Regardless, the central metaphor of a Godzilla film is at this point a dated narrative conceit, so the possibility of each Godzilla film to have employed it with the same sensitivity as the original would diminish in time. In the original Godzilla, the title monster is perceived as a consequence of the atom bomb, and in turn an anthropomorphized manifestation of its potency and threat. But this isn’t precisely the case in Godzilla 2000, in which Godzilla is more a mystical beast humans observe with respect and reverence; they fear his destruction, but instead of targeting his demise they instead study him, and resolve to direct him back into the ocean each time he makes landfall.

The film opens with another of Godzilla’s attacks, which invites the attention of two parties: the Godzilla Prediction Network (GPN), constituted by an adventurous scientist, his daughter, and a photographer, and the Japan Self Defense Forces, who ready themselves in Godzilla’s path with a considerable array of weaponry. This all seems to be a routine response to the monster’s appearances, so the opening of Godzilla 2000 - which has a specious connection with only the original 1954 film - depicts the routine of a world in which Godzilla exists and must be tended to in customary fashion.

This routine is interrupted by the discovery of a sixty million year-old UFO at the bottom of the ocean, which is encrusted in igneous rock and becomes autonomous once it is lifted to the surface. It immediately pursues Godzilla with an unforeseeable hostility, and in its initial sparring with him proves itself a respectable, if abstract nemesis. In between these bouts the UFO torments the GPN who have spent years evaluating Godzilla. It parks itself atop one their headquarters and invisibly extracts their research from their computers. In its next meeting with Godzilla it will not only prove itself more knowledgeable of its nemesis, but also more organically analogous; in addition to its capability in gleaning digitized data, it possesses an ability to mimic Godzilla’s biological form, and ultimately transforms into a monstrous surrogate.

This ultimate form is deemed Orga (although I recall this name being uttered only in the closing credits), who has virtually all of Godzilla’s strengths even if its physical resemblance is moot. In lieu of its foe’s weak forearms it has elongated, apelike arms that dangle all the way to the ground, and - absent a tail - it can jump majestically. Even Godzilla, straining to keep Orga in sight when he jumps clean over his head, hesitates his attack in respect to the beast’s unexpected and impressive mobility. The two duke it out with much elaboration, and at this point Godzilla 2000’s merit is ably demonstrated. Gone is the narrative conceit of subduing Godzilla or how to minimize his destruction of Tokyo; in its place a kaiju battle as elongated, colorful, and bombastic as any the series has to offer.

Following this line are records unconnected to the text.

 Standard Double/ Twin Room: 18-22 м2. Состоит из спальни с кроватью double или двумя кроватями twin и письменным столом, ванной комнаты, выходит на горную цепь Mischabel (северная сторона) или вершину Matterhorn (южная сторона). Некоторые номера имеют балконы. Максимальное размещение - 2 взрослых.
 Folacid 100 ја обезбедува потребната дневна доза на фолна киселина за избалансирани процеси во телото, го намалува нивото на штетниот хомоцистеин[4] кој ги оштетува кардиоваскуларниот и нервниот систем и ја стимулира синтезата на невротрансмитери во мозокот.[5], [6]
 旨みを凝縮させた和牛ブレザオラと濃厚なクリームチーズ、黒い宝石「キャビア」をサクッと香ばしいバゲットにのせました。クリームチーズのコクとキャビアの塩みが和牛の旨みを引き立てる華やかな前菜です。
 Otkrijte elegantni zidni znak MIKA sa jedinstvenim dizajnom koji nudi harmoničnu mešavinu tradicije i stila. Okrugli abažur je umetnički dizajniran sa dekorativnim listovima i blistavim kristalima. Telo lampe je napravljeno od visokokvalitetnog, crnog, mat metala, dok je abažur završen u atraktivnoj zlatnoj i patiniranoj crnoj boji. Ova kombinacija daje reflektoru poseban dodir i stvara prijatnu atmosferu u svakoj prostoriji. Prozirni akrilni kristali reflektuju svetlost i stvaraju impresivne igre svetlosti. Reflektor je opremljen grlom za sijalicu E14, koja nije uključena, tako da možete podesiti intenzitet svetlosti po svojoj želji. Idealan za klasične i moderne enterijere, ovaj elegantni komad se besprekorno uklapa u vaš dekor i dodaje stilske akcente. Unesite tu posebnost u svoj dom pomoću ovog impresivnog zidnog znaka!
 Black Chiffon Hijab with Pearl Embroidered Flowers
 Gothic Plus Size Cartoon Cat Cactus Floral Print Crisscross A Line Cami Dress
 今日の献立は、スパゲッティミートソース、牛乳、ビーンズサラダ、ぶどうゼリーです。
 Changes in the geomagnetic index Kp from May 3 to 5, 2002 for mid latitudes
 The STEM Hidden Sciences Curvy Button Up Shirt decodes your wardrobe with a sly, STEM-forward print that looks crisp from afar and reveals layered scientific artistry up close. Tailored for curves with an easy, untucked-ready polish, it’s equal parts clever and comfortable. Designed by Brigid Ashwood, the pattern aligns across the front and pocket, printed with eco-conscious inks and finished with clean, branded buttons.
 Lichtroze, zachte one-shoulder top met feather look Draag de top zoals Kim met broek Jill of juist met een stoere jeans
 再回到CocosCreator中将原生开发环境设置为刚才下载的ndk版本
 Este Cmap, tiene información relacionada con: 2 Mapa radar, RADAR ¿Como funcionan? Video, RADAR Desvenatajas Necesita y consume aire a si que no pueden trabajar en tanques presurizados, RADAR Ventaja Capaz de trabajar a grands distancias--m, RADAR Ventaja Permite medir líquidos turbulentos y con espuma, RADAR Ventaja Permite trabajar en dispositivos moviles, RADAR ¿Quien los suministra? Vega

The film ends with a curious and perhaps laughable dialogical exchange, between three members of the GPN. They are standing at the top of one of Tokyo’s nearly-demolished skyscrapers, with a newly victorious Godzilla occupying their view of the burning horizon. Here they explicitly announce Godzilla’s humanity, and as such their inherent sympathy for his plight:

We scientists produced this monster, Godzilla. And ever since, we’ve tried to destroy him.

Then why—why does he keep protecting us?

Maybe because… Godzilla is inside each one of us.